Они снова встретились. Увы, лишь во сне. Сидели на крыше черной башни, окруженной водами самого прозрачного и кристально чистого озера. Вели разговоры, сидя бок о бок, и любовались красотой рая.
— Почему мама хотела уйти отсюда? — не понимала Элишка, глядя на красивое рассветное небо. Звезды все еще украшали небосвод, но и солнце, вступая в свои права, принималось за работу искусного художника, окрашивало часть небес, что ближе к воде, нежнейшими розовыми и желтыми красками.
— Ей не хватало того, что есть в том мире. — Отвечал владарь.
Элишка взяла его за руку. Подняла, рассматривая длинные мужские пальцы, намного длиннее ее собственных. Она запомнила каждую деталь, ведь любила его руки и желала их тепла.
— Что там такого?
— Люди. Она нашла там твоего отца. — Его голос звучал странно, когда разговор заходил об Аглае. Будто слегка подрагивал, как лист на слабом ветерке. — И ты тоже найдешь…

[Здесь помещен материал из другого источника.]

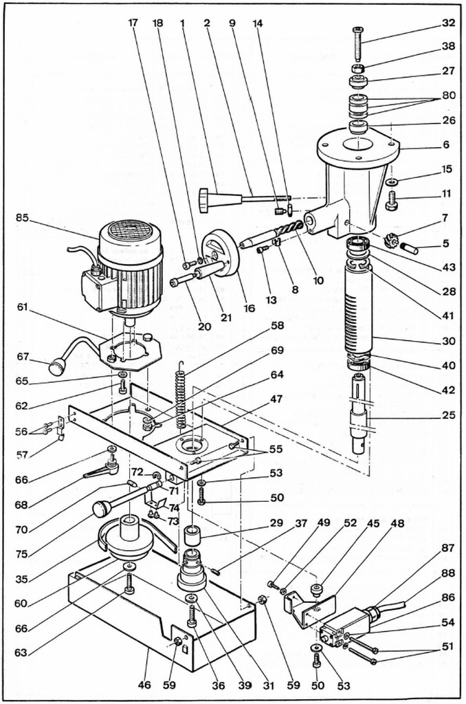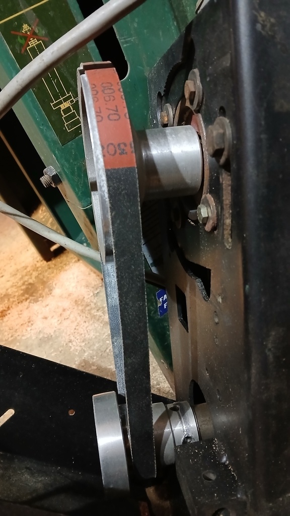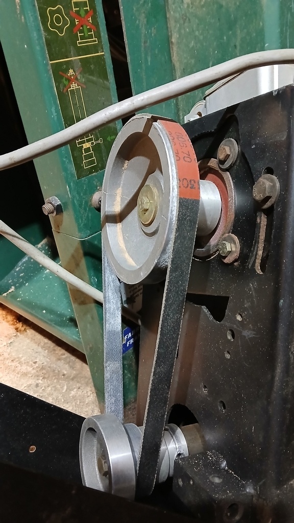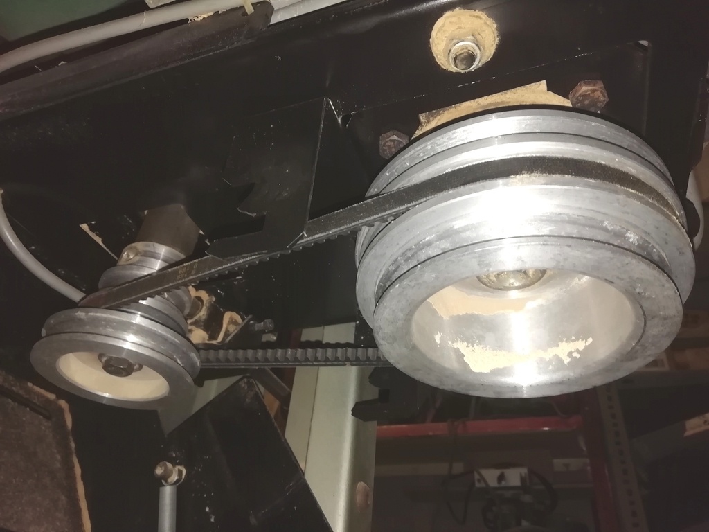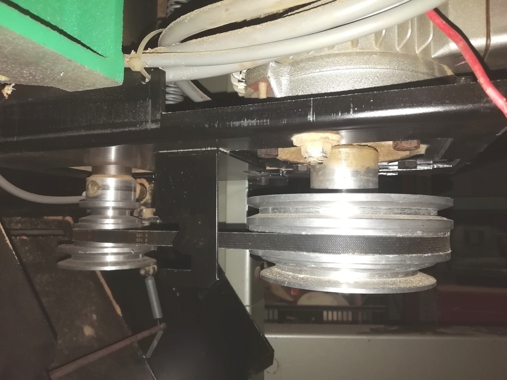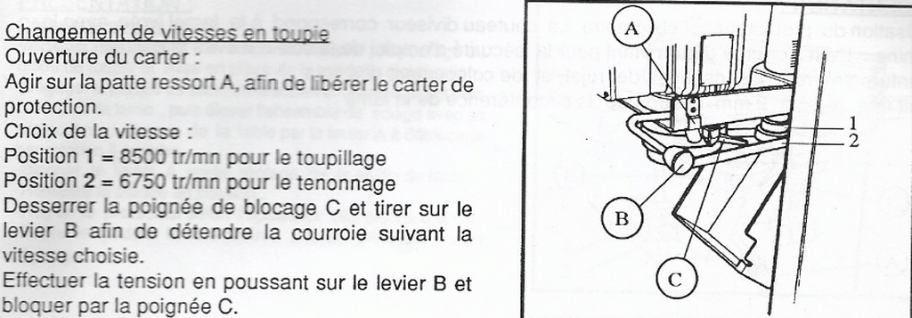 J'ai découvert que la poulie menante de la toupie (coté moteur) n'est pas d'origine ! Elle devrait avoir trois gorges et n'en en a qu'une ! J'ai une vu éclater que j'ai trouvé sur le net qui je pense correspond à ma machine mais, ne me donne pas plus de renseignement que ça (pièce N° 60 ). Je viens d'envoyer un mail à EMCL pour demander s'ils ont cette poulie à 3 gorges et si oui le coût. Je vous tiendrai informé de leur réponse.

— Но я не хочу искать. — Качала головой Элишка, крепко переплетая их пальцы. — Я хотела остаться с тобой. Там ничего нет. А здесь есть ты…
— Но там твое место. — Уперто твердил владарь, не желая слушать другого мнения.

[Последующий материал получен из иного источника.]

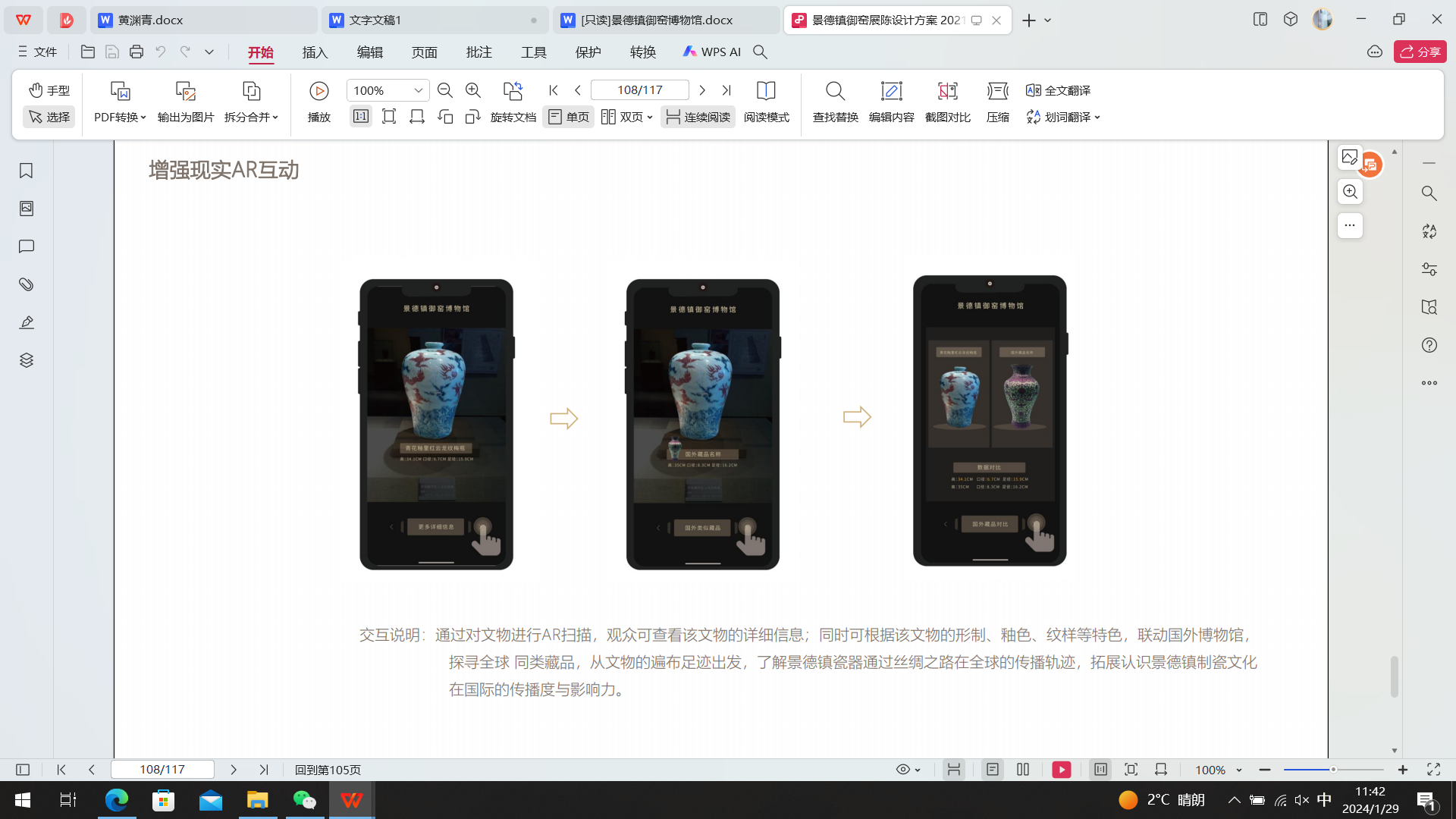 在展柜内放置二维码,可扫码观看相关的文物讲解视频;利用三维成像等技术呈现文物的数字模型,可以放大、缩小,360度观看,并通过触控按键解析详细信息;将文物的静态展示转化为人人皆可参与的动态交互方式,并把音、视频等融入其中;根据相关文物的形制、釉色、纹样等特征,联动国外博物馆,探寻全球同类藏品,了解景德镇瓷器在丝绸之路上的传播轨迹……

— Ты совсем меня не слышишь! — рассердилась она, и устав от этого диалога, проснулась. Укусила подушку, представив на ее месте владаря.

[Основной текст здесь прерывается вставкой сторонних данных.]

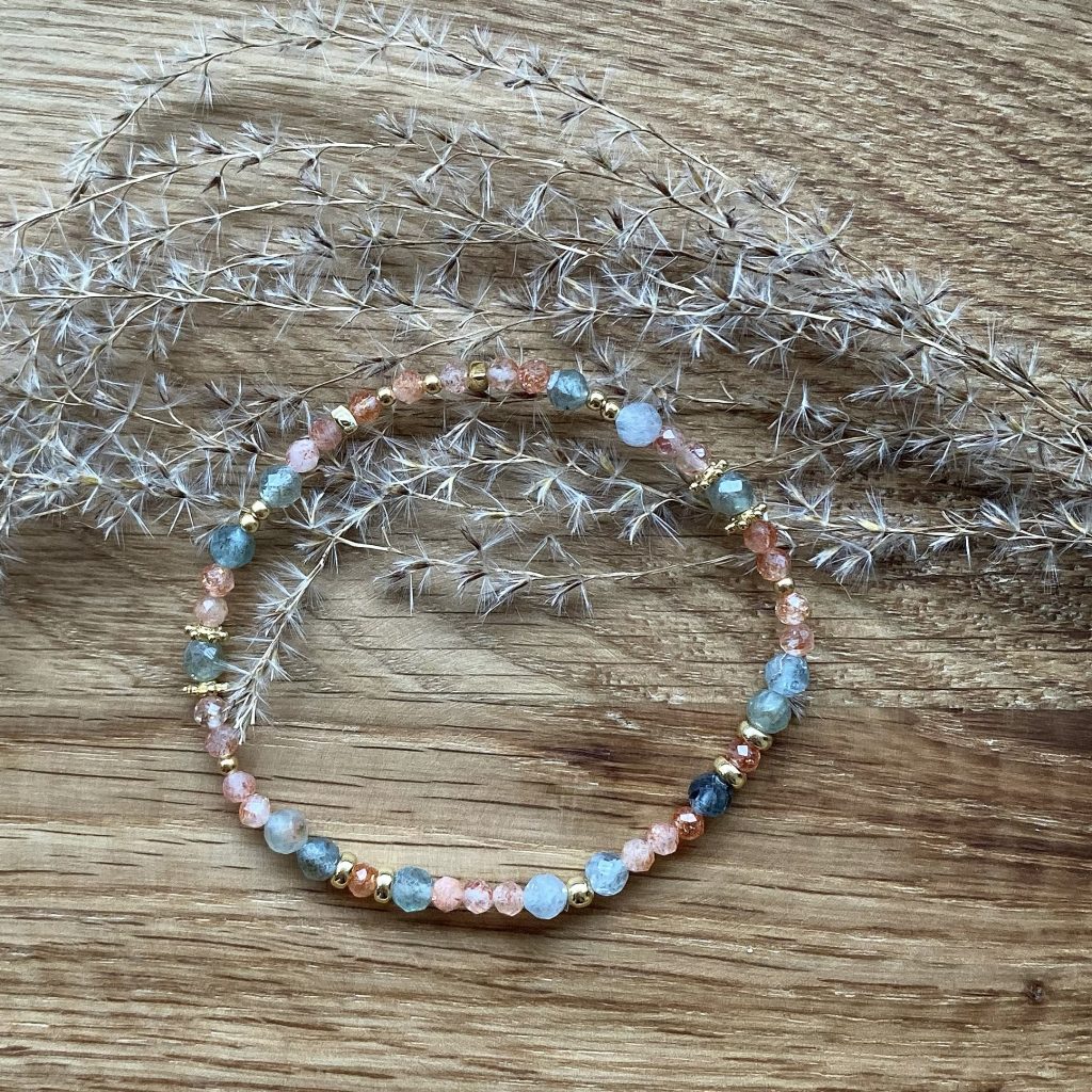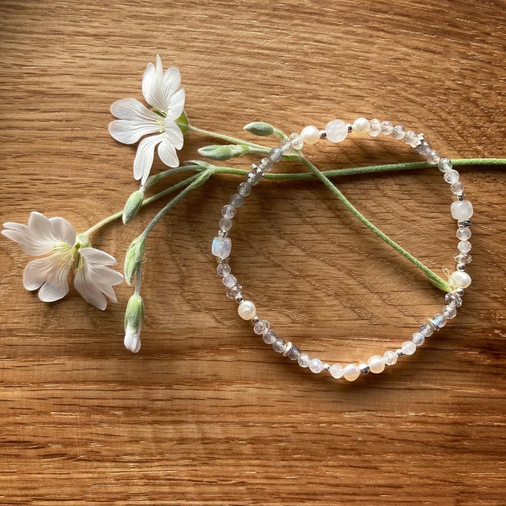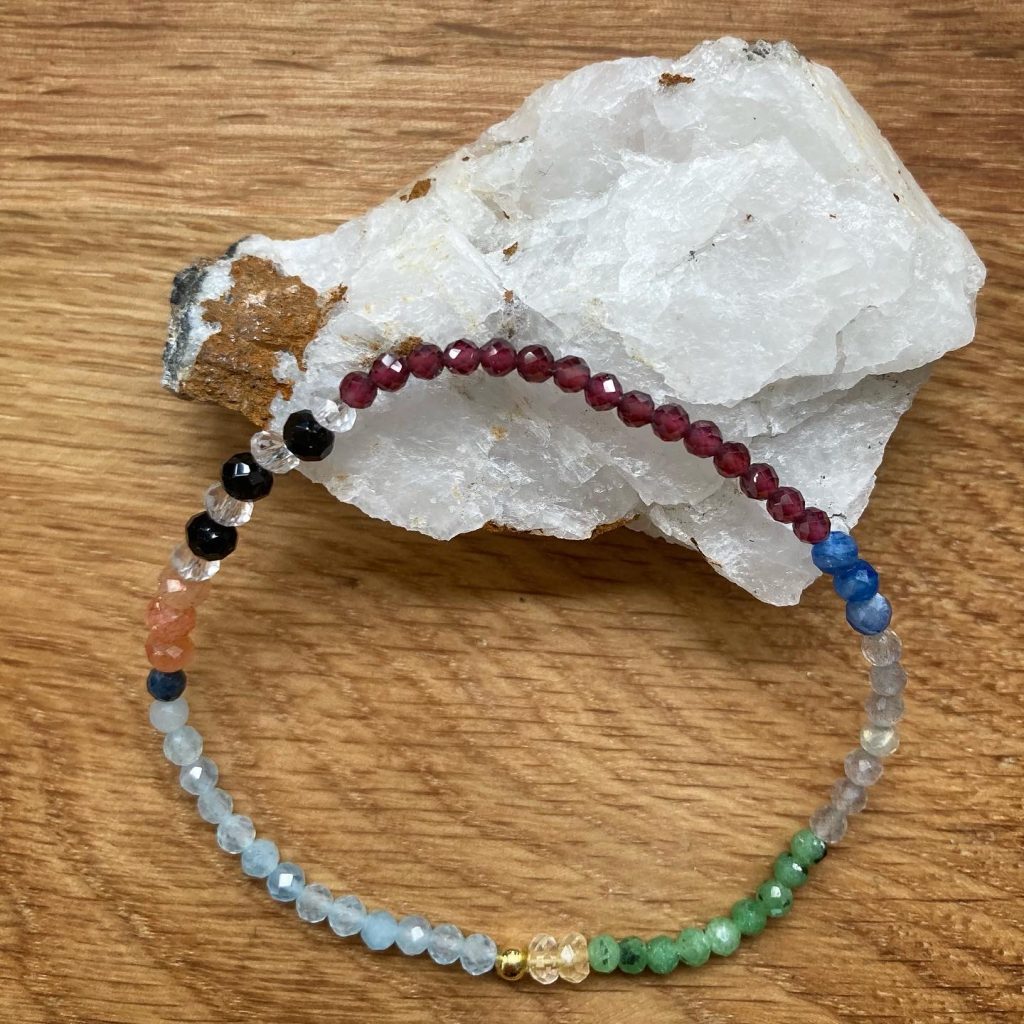 Nach deiner Vorgabe verwende ich Draht, Faden oder Schmuckelastik. Abgerundet wird dein Schmuckstück mit ausgesuchten Gold- oder Silberelementen, um dein Funkelarmband und seinen Schimmer so richtig zur Geltung zu bringen.

Спустилась вниз сердитая. Принялась за готовку, да так гремела посудой, что мужчины замерли, боясь даже спросить, отчего такое настроение у девушки.
— Что в реальности, что выдуманный! Глухой! Непроницаемый! — ворчала она.
— Кто обидел тебя? — осторожно поинтересовался Иже.
— Сон. Сон меня обидел. — Ответила Элиша, поставив на стол уже готовую кашу и ложки. — Кушайте!
Но мужчины как-то засомневались, стоит ли прикасаться к еде, поданной таким образом.
— Ты не заметил, она туда ничего не подсыпала? — осторожничал Иже, ведь кто знает, что может прийти в буйную голову.
Ваня только плечами пожал.
— Эй! Кто дома? — в распахнутую дверь проскользнул холод. А снег тут же высыпался на порог. Всеслав был слишком весел для человека, вернувшегося из деревни, где каждый готов убить татя или сдать страже за награду.
— Элиша. Иди, надень самое красивое платье, и тот плащ, что как для принцессы шитый! И спускайся скорее! — прокричал он.
— Зачем? — недоумевала девушка.
— Велено тебе, сходи, принарядись! — подтолкнул ее атаман, и нахмурился. Элишка не стала спорить с ним. Поднялась наверх, достала подаренное голубое платье и красивый плащ, подколола волосы, спустилась. А все уже топтались во дворе. И заприметив девушку, расступились, пропуская ее к белой заседланной лошадке.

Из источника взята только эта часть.